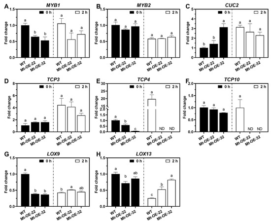 Transcriptional expression analysis of the predicted target genes of Mtr-miR319a in M. truncatula plants before and after salt stress. The predicted target genes of MYB1 (A), MYB2 (B), CUC2 (C), TCP3 (D), TCP4 (E), TCP10 (F), LOX9 (G), and LOX12 (H) were detected. Twenty-eight-day-old WT M. truncatula plants and Mtr-miR319a-overexpressing lines of Mtr-OE-22 and Mtr-OE-32 were detected after exposure to 150 mM NaCl for 0 and 2 h. “ND” represents “Not detected”. The values are shown as the mean ± standard error (SE); n = 3 for all groups. The bars represent the SE. Bars with different lowercase letters indicate statistically significant differences at p < 0.05 based on ANOVA.
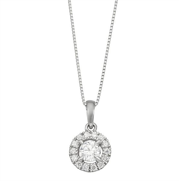 Evolv 14k White Gold 1 2 Carat T W Igi Certified Lab Grown Diamond Halo Pendant Necklace
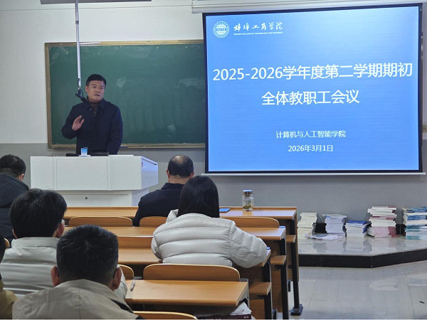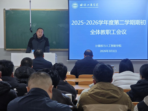 为统筹部署新学期各项工作,明晰工作重点、压实工作责任,3月1日,我院在明理楼B301召开2025-2026学年第二学期期初全体教职工会议。会议全面总结寒假工作成效,对新学期教学、科研、党建与安全等各项重点工作进行系统安排。学院院长徐军、副院长夏日、党总支副书记宋秀磊出席会议,学院全体教职工参会,会议由徐军主持。
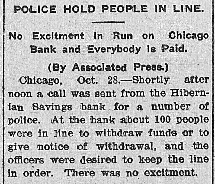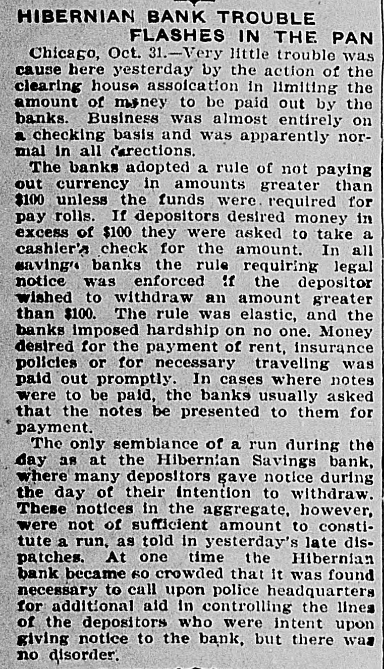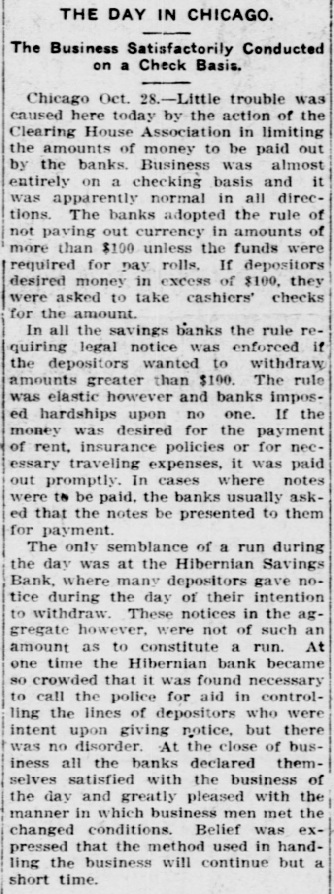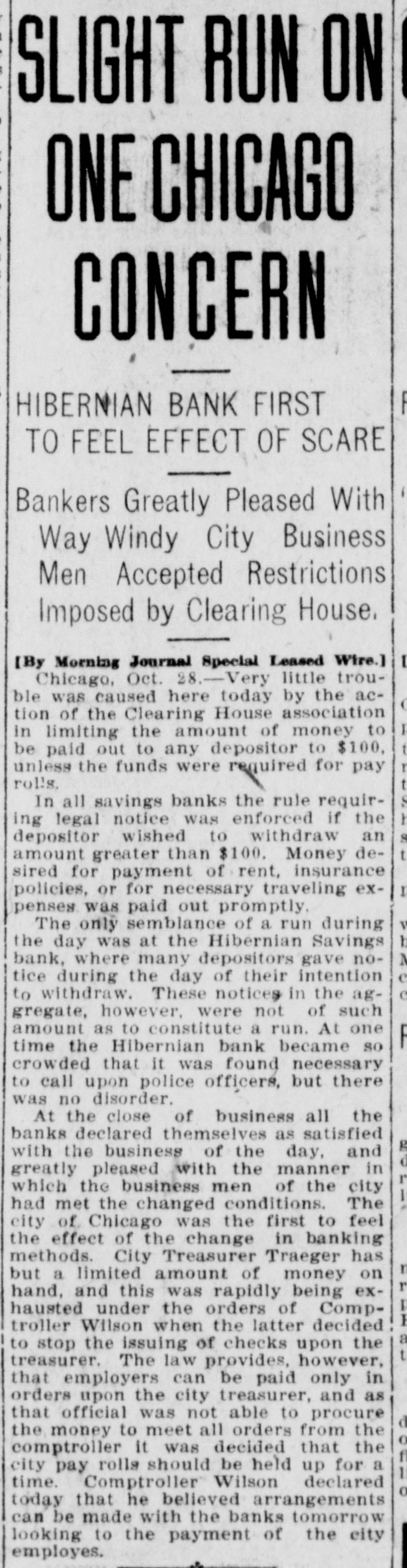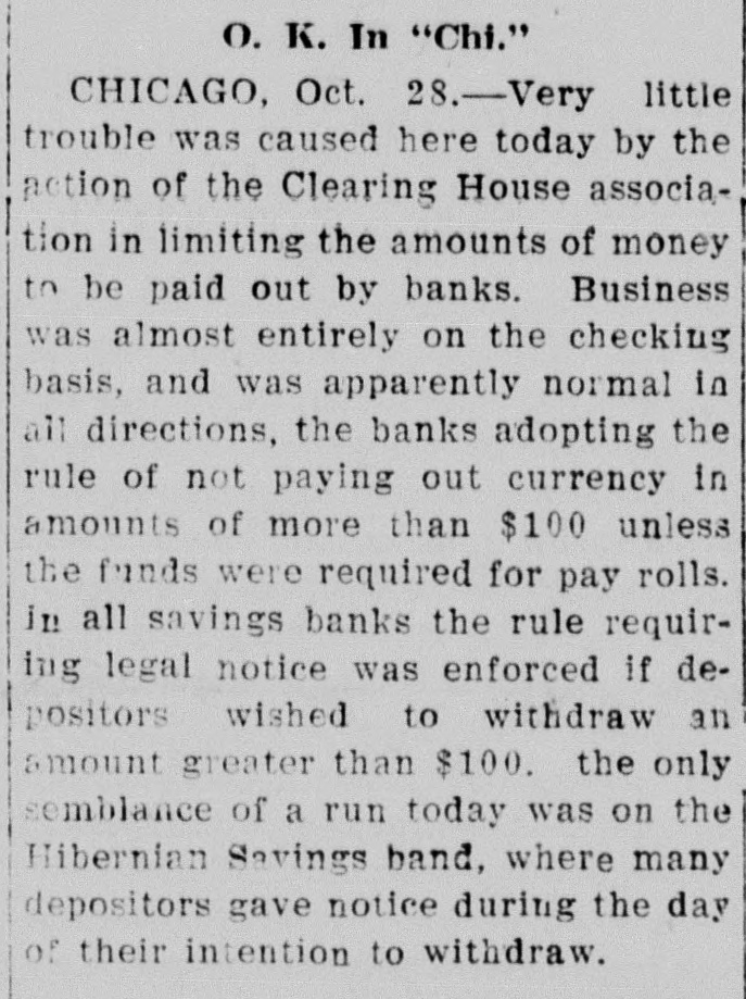 Few Wish to Withdraw. Out of 400,000 savings depositors in Chicago only 1,500 made application for withdrawals of their accounts, or gave notice of a desire to withdraw. The clearing house issued to its members $8,000,000 in certificates. The debit balances which had to be settled with the certificates were far smaller than usual, approximating barely $1,500,000. John J. Mitchell, president of the Illinois Trust & Savings bank, which has the largest number of savings accounts in the city, said today: "We are pleased and satisfied over the turn affairs took yesterday. This bank received notice from 809 depositors who wanted cash. As an offset to that we received 89 savings deposits, aggregating a sum far in excess of the amount for which withdrawal orders were received. Under the circumstances I think the situation is surprisingly strong." Excitement Had Vanished. The day opened quietly at the Hibernian Savings bank, which yesterday had the only trace of excitement in the banking situation. A few depositors were at the door when the bank opened, but a number of them went away without giving a notice of a desire to withdraw funds. All the other banks in the city which had savings accounts business appeared to be on an adequately normal basis, there being no more people around than usual. At all of the national banks the officers reported that the check and certificate system had worked in a satisfactory manner and no trouble of any kind was anticipated. Throughout the west generally it was reported that the financial condition is sound and that there is no appearance of a run upon a bank anywhere. At a meeting of the Chicago clearing house association it was decided that the situation was generally satisfactory, and it was agreed that the policy of paying large amounts in checks should be continued for a few days. Gold for Chicago. James B. Forgan, president of the First National bank, said the most singular event he ever heard of in relation to the financial outlook was the notification by London agents that $2,000,000 in gold had been started for Chicago. This gold was in payment for shipping from Chicago of cattle, grain and provisions. "For a few days Europe did not respond with cash," said Mr. Forgan, "but today our London agents cabled that $2,000,000 in gold had been turned over to them and, that it had been started for Chicago. The fact that gold is coming in such large quantities and that merchandise and provisions are en route to the European markets in such heavy lots is indicative of a big advance. On Sunday I understand the National City bank of New York received $3,500,000 in gold, and now that the First National of Chicago is getting an allotment, the indications are that the tension is much relieved. This gold, when it reaches our bank, will be used to expedite other shipments abroad. The foreign markets for our foodstuffs are good, and fairly high prices are ruling. Other shipments of gold are promised and while they will not be of daily occurrence, they will come our way pretty steadily." J. Ogden Armour said that the gold shipment from London was the most encouraging feature of the day's developments. "Cattle, grain and provisions are being moved to Europe," he said, "and today's shipment of $2,000,000 in gold toward Chicago is in payment for some of Chicago's goods. Money is flowing our way, and that is suggestive of better feeling all around. It is well to add that prices for grain and foodstuffs are strong. My grain company, I was informed this afternoon. is sending large amounts to Europe. Corn, too, is high and the farmers never were more prosperous."
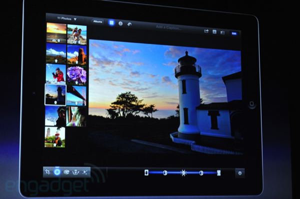 iPhoto débarque enfin sur l’iPad. Selon la Keynote, ce dernier a été revu en profondeur afin d’être pleinement compatible avec le tactile.
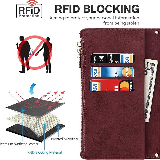 【チャック付き多機能財布型ケース】 内側に9つカードポケット、カード、車券と名刺なは便利にカードスロットに挿入することができます、にお札、小銭などはサイドポケットに挿入できます。ヘッドセット、鍵、コイン、小銭などはファスナー付きのポケットに入れることができます。財布型ケースとして、名刺やお札などを入れるカードポケットがつき、外出活動や日常生活に便利。
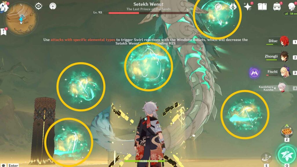 Setekh’s biggest move is the Windbite Bullets. In this sequence, the giant serpent floats in the air and summons five Anemo orbs that surround him.
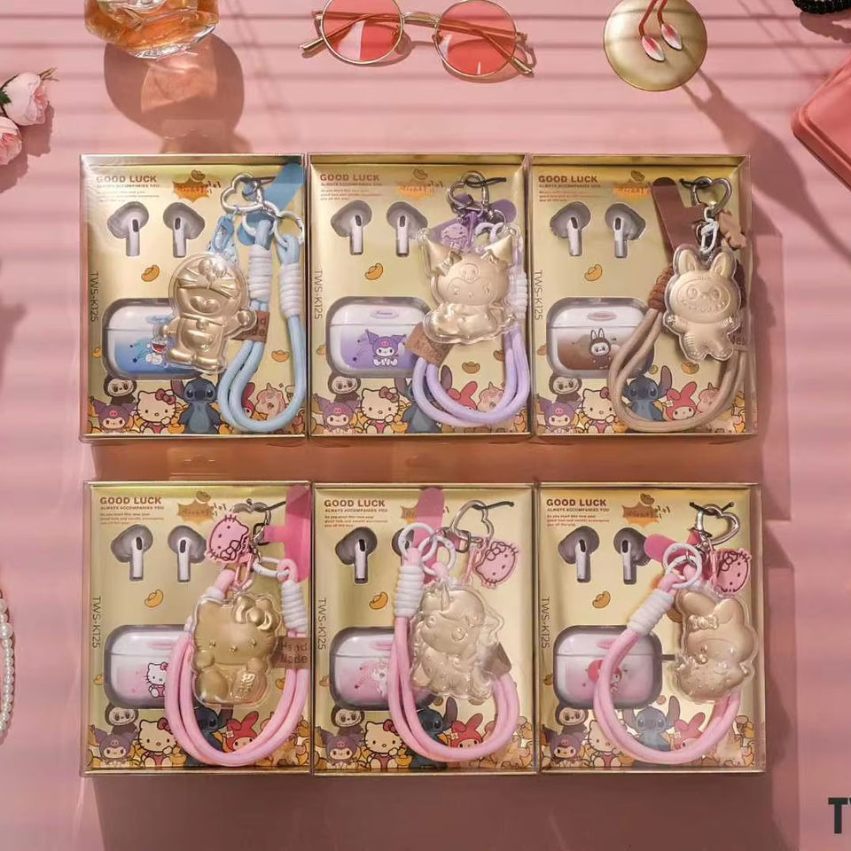 Audífonos Bluetooth TWS con Diseño de Sanrio Gold Style, Hello Kitty, Kuromi, My Melody, Auriculares Inalámbricos de Dibujos Animados
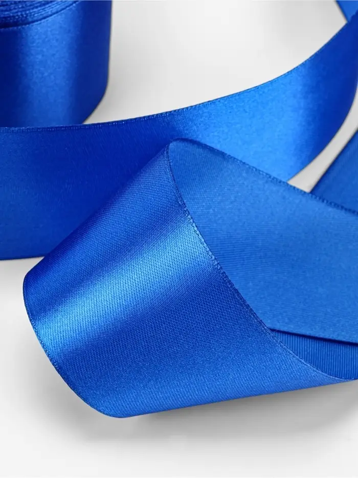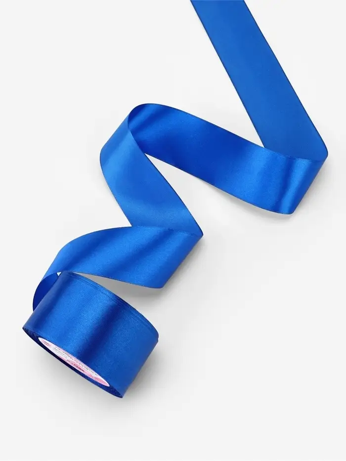 Синяя лента поможет воплотить самые смелые идеи в жизнь. Её благородный оттенок сочетается с широким спектром палитры и может стать центральным элементом в украшениях или гармоничным дополнением к другим цветам. Примените её в оформлении столов, венков, букетов и обнаружьте, как легко она придаёт шарм и утончённость любому проекту.
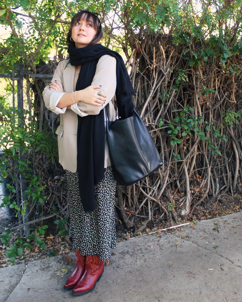Sometimes, I just want to feel like a pile of clothes. This look made me feel so cool, comfy and chic. I threw on a beige oversized blazer and a wrap scarf, which always makes me feel way more put together than I am. I kept the work tote because I’m a working gal, and I like how this bag is a little more structured than a trendy canvas tote I’m seeing all over Pinterest. The proportions of this outfit call for an equally huge bag, or a smaller structured handbag. I loved this look but genuinely can’t pick a favorite of the three.
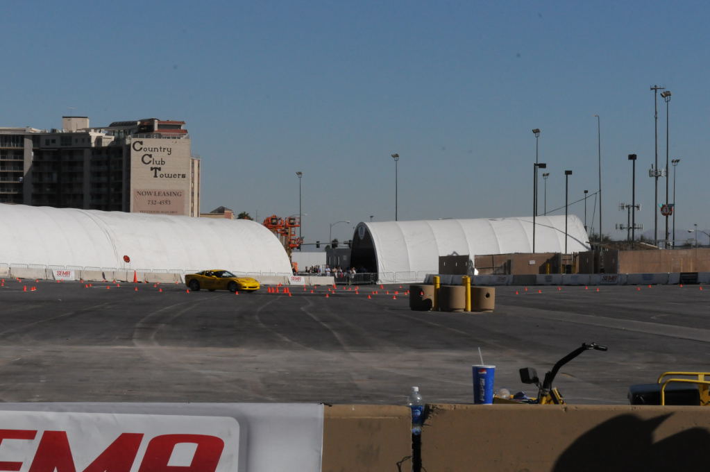 Description: Bob Bondurant instructors take SEMA participants around SEMA MotorTrend Proving Ground in C6 Corvettes Photos from SEMA Convention 2009
--------------------------------
### What this task involves
Leaving the pictures out, output all of the listing exactly.

### Solved exercise
 Transcriptional expression analysis of the predicted target genes of Mtr-miR319a in M. truncatula plants before and after salt stress. The predicted target genes of MYB1 (A), MYB2 (B), CUC2 (C), TCP3 (D), TCP4 (E), TCP10 (F), LOX9 (G), and LOX12 (H) were detected. Twenty-eight-day-old WT M. truncatula plants and Mtr-miR319a-overexpressing lines of Mtr-OE-22 and Mtr-OE-32 were detected after exposure to 150 mM NaCl for 0 and 2 h. “ND” represents “Not detected”. The values are shown as the mean ± standard error (SE); n = 3 for all groups. The bars represent the SE. Bars with different lowercase letters indicate statistically significant differences at p < 0.05 based on ANOVA.
 Evolv 14k White Gold 1 2 Carat T W Igi Certified Lab Grown Diamond Halo Pendant Necklace
 为统筹部署新学期各项工作,明晰工作重点、压实工作责任,3月1日,我院在明理楼B301召开2025-2026学年第二学期期初全体教职工会议。会议全面总结寒假工作成效,对新学期教学、科研、党建与安全等各项重点工作进行系统安排。学院院长徐军、副院长夏日、党总支副书记宋秀磊出席会议,学院全体教职工参会,会议由徐军主持。
 Few Wish to Withdraw. Out of 400,000 savings depositors in Chicago only 1,500 made application for withdrawals of their accounts, or gave notice of a desire to withdraw. The clearing house issued to its members $8,000,000 in certificates. The debit balances which had to be settled with the certificates were far smaller than usual, approximating barely $1,500,000. John J. Mitchell, president of the Illinois Trust & Savings bank, which has the largest number of savings accounts in the city, said today: "We are pleased and satisfied over the turn affairs took yesterday. This bank received notice from 809 depositors who wanted cash. As an offset to that we received 89 savings deposits, aggregating a sum far in excess of the amount for which withdrawal orders were received. Under the circumstances I think the situation is surprisingly strong." Excitement Had Vanished. The day opened quietly at the Hibernian Savings bank, which yesterday had the only trace of excitement in the banking situation. A few depositors were at the door when the bank opened, but a number of them went away without giving a notice of a desire to withdraw funds. All the other banks in the city which had savings accounts business appeared to be on an adequately normal basis, there being no more people around than usual. At all of the national banks the officers reported that the check and certificate system had worked in a satisfactory manner and no trouble of any kind was anticipated. Throughout the west generally it was reported that the financial condition is sound and that there is no appearance of a run upon a bank anywhere. At a meeting of the Chicago clearing house association it was decided that the situation was generally satisfactory, and it was agreed that the policy of paying large amounts in checks should be continued for a few days. Gold for Chicago. James B. Forgan, president of the First National bank, said the most singular event he ever heard of in relation to the financial outlook was the notification by London agents that $2,000,000 in gold had been started for Chicago. This gold was in payment for shipping from Chicago of cattle, grain and provisions. "For a few days Europe did not respond with cash," said Mr. Forgan, "but today our London agents cabled that $2,000,000 in gold had been turned over to them and, that it had been started for Chicago. The fact that gold is coming in such large quantities and that merchandise and provisions are en route to the European markets in such heavy lots is indicative of a big advance. On Sunday I understand the National City bank of New York received $3,500,000 in gold, and now that the First National of Chicago is getting an allotment, the indications are that the tension is much relieved. This gold, when it reaches our bank, will be used to expedite other shipments abroad. The foreign markets for our foodstuffs are good, and fairly high prices are ruling. Other shipments of gold are promised and while they will not be of daily occurrence, they will come our way pretty steadily." J. Ogden Armour said that the gold shipment from London was the most encouraging feature of the day's developments. "Cattle, grain and provisions are being moved to Europe," he said, "and today's shipment of $2,000,000 in gold toward Chicago is in payment for some of Chicago's goods. Money is flowing our way, and that is suggestive of better feeling all around. It is well to add that prices for grain and foodstuffs are strong. My grain company, I was informed this afternoon. is sending large amounts to Europe. Corn, too, is high and the farmers never were more prosperous."
 iPhoto débarque enfin sur l’iPad. Selon la Keynote, ce dernier a été revu en profondeur afin d’être pleinement compatible avec le tactile.
 【チャック付き多機能財布型ケース】 内側に9つカードポケット、カード、車券と名刺なは便利にカードスロットに挿入することができます、にお札、小銭などはサイドポケットに挿入できます。ヘッドセット、鍵、コイン、小銭などはファスナー付きのポケットに入れることができます。財布型ケースとして、名刺やお札などを入れるカードポケットがつき、外出活動や日常生活に便利。
 Setekh’s biggest move is the Windbite Bullets. In this sequence, the giant serpent floats in the air and summons five Anemo orbs that surround him.
 Audífonos Bluetooth TWS con Diseño de Sanrio Gold Style, Hello Kitty, Kuromi, My Melody, Auriculares Inalámbricos de Dibujos Animados
 Синяя лента поможет воплотить самые смелые идеи в жизнь. Её благородный оттенок сочетается с широким спектром палитры и может стать центральным элементом в украшениях или гармоничным дополнением к другим цветам. Примените её в оформлении столов, венков, букетов и обнаружьте, как легко она придаёт шарм и утончённость любому проекту.
Sometimes, I just want to feel like a pile of clothes. This look made me feel so cool, comfy and chic. I threw on a beige oversized blazer and a wrap scarf, which always makes me feel way more put together than I am. I kept the work tote because I’m a working gal, and I like how this bag is a little more structured than a trendy canvas tote I’m seeing all over Pinterest. The proportions of this outfit call for an equally huge bag, or a smaller structured handbag. I loved this look but genuinely can’t pick a favorite of the three.
 Description: Bob Bondurant instructors take SEMA participants around SEMA MotorTrend Proving Ground in C6 Corvettes Photos from SEMA Convention 2009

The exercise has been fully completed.